Implement version pinning for semantic dependencies:
# Snowpark feature pipeline with semantic versioning
from snowflake.snowpark.functions import col, lag, avg
@sproc(name="generate_customer_features_v3")
def build_features(session, semantic_version="v2"):
# Pin to specific semantic version
semantic_view = f"sap_share.customer_semantic_{semantic_version}"
base = session.table(semantic_view)
# Layer custom ML features on semantic foundation
features = base.with_columns([
avg(col("purchase_amount")).over(
Window.partition_by("customer_id")
.order_by("transaction_date")
.rows_between(-6, -1)
).alias("avg_purchase_6m"),
lag(col("last_purchase_date"), 1).over(
Window.partition_by("customer_id")
.order_by("transaction_date")
).alias("days_since_previous")
])
return features
Model Governance and Compliance:
Implement comprehensive metadata management:
- Feature Registry: Track every feature with source semantic version, transformation logic, business owner, and approval status
- Lineage Tracking: Use Snowflake tags to link features back to SAP semantic sources and Snowpark transformation code
- Access Controls: Inherit RBAC from SAP semantics for base attributes, apply additional column-level security for derived features
- Validation Framework: Automated tests comparing semantic outputs to expected values, plus data quality checks on Snowpark transformations
- Change Management: When SAP updates semantics, create new versioned views, run regression tests on all dependent features, migrate models incrementally
The hybrid approach gives you SAP’s governance benefits (audit trails, validated business logic, regulatory compliance) while maintaining ML flexibility through Snowpark. Document everything, version aggressively, and treat semantic products as immutable inputs to your feature engineering pipeline.

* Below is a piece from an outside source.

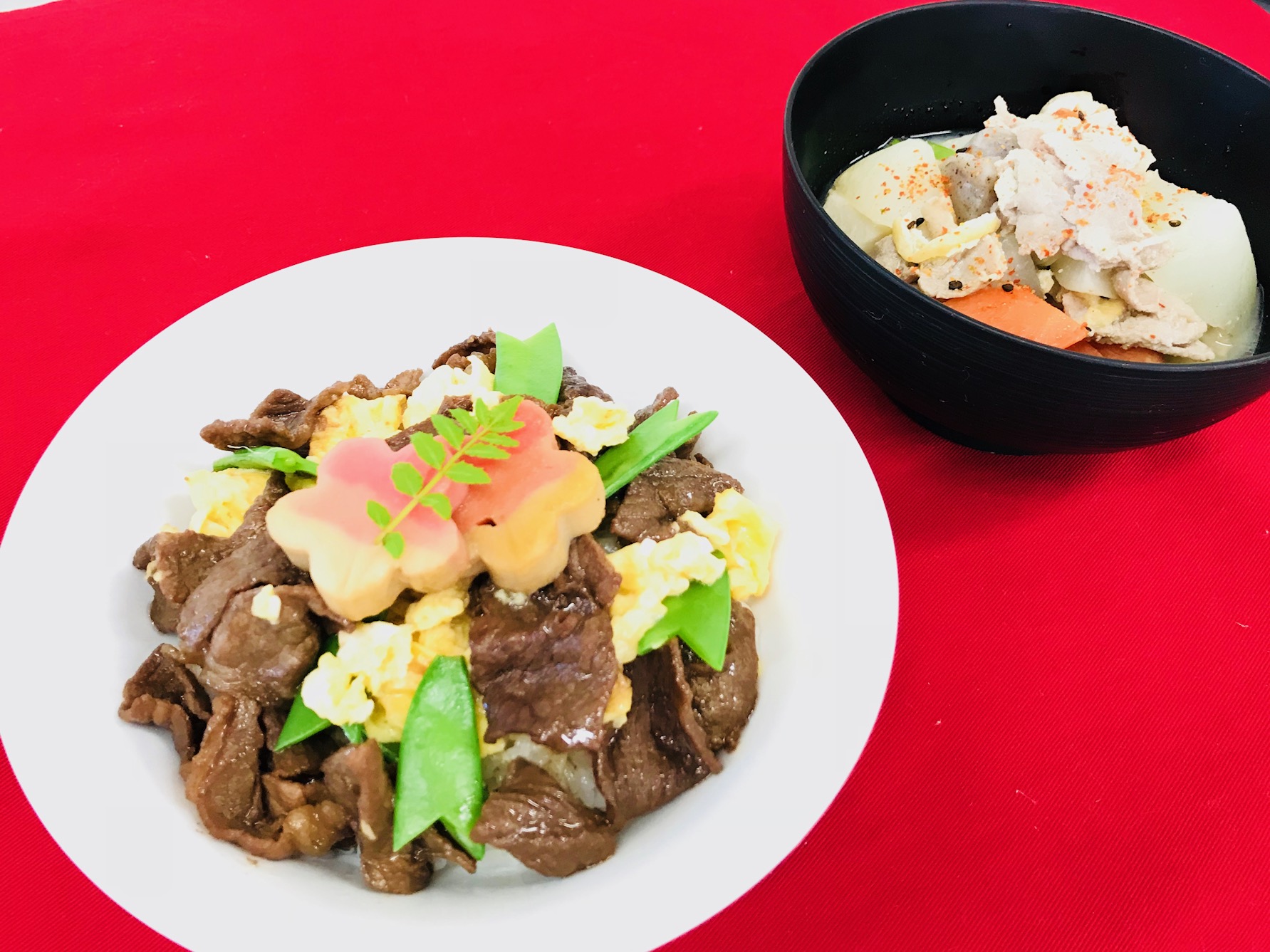 1月13日(土)、当校にて毎年ご好評をいただいております、宮崎県食肉事業協同組合様主催の料理講習会が無料で行われました。今回は、宮崎県産の食肉をふんだんに使用した『しぐれ煮の小丼 ひな祭り仕立て』と『ボリューム豚汁』の2品を作りましたよ(*^^*)

Recommendation: Start with SAP semantics for all available business concepts. Only build custom Snowpark features when semantic products don’t cover your needs. As your ML platform matures, you’ll develop patterns for common transformations that can be templatized and governed as rigorously as the semantic layer itself. The goal is controlled flexibility - innovation where needed, standardization where possible.